■ Instructions to follow ■
Take the entries below and retype them word for word, excluding the images.

■ Supplied data ■

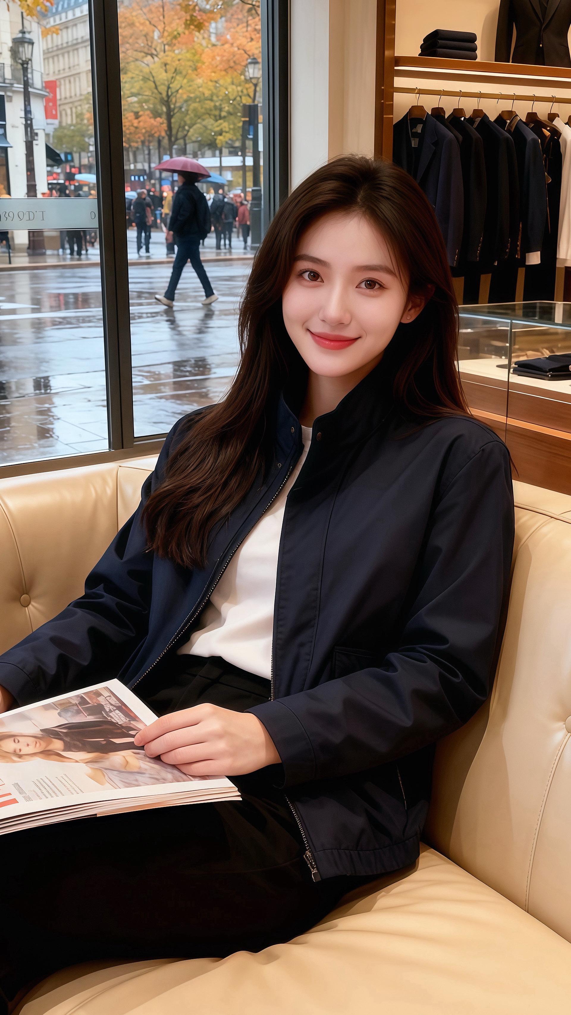 翻杂志时皓明坐在对面,指尖划过书页:“你穿简约款,总比模特多份温软。”许妍低头笑,袖口露出的白内搭,是他昨天塞在她包里的“搭夹克刚好”。
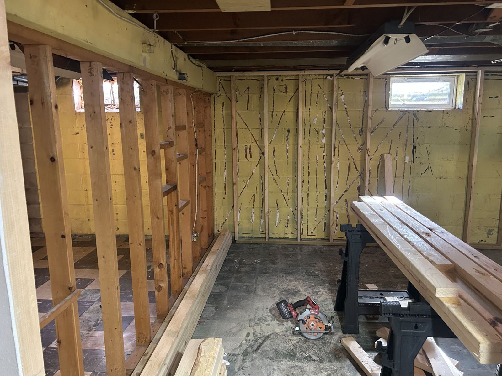 Full basement renovation including new framing, plumbing and finished bathroom.
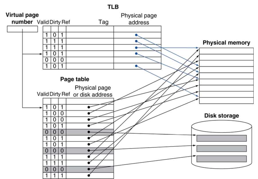 - 페이지 fault인 경우 -> 물리디스크에서 물리메모리로 읽어옴, TLB 업데이트
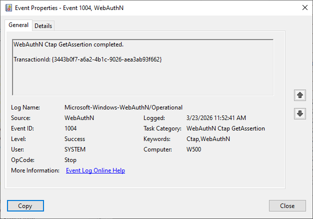 Finally, the WebAuthN Ctap GetAssertion completed event (Event ID 1004) tells us that WebAuthN GetAssertion operation completed successfully for this TransactionId.
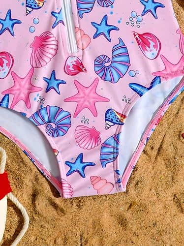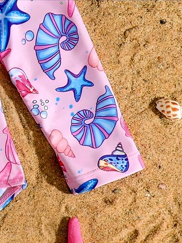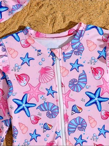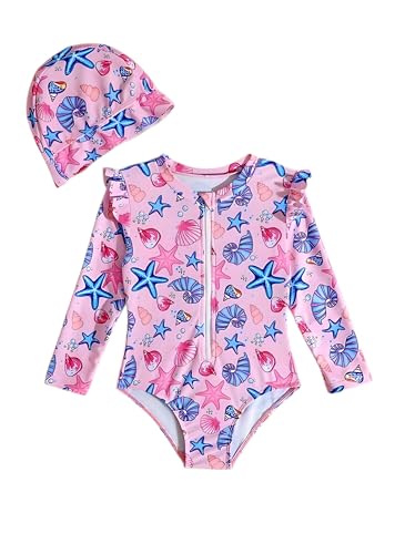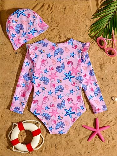 Generic - مايوه قطعة واحدة للبنات باكمام طويلة مكشكشة وطبعة صدف ونجوم لطيفة مع قبعة سباحة من شي ان
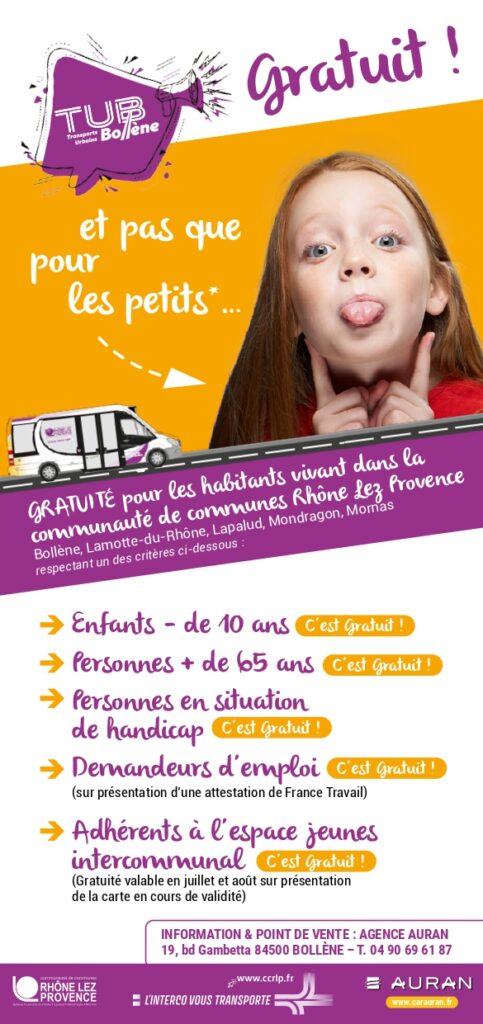 Bonne nouvelle pour les habitants de la Communauté de Communes Rhône Lez Provence : l’accès au TUB est gratuit pour certains usagers, sous conditions :

■ Result for this task ■
 翻杂志时皓明坐在对面,指尖划过书页:“你穿简约款,总比模特多份温软。”许妍低头笑,袖口露出的白内搭,是他昨天塞在她包里的“搭夹克刚好”。
 Full basement renovation including new framing, plumbing and finished bathroom.
 - 페이지 fault인 경우 -> 물리디스크에서 물리메모리로 읽어옴, TLB 업데이트
 Finally, the WebAuthN Ctap GetAssertion completed event (Event ID 1004) tells us that WebAuthN GetAssertion operation completed successfully for this TransactionId.
 Generic - مايوه قطعة واحدة للبنات باكمام طويلة مكشكشة وطبعة صدف ونجوم لطيفة مع قبعة سباحة من شي ان
 Bonne nouvelle pour les habitants de la Communauté de Communes Rhône Lez Provence : l’accès au TUB est gratuit pour certains usagers, sous conditions :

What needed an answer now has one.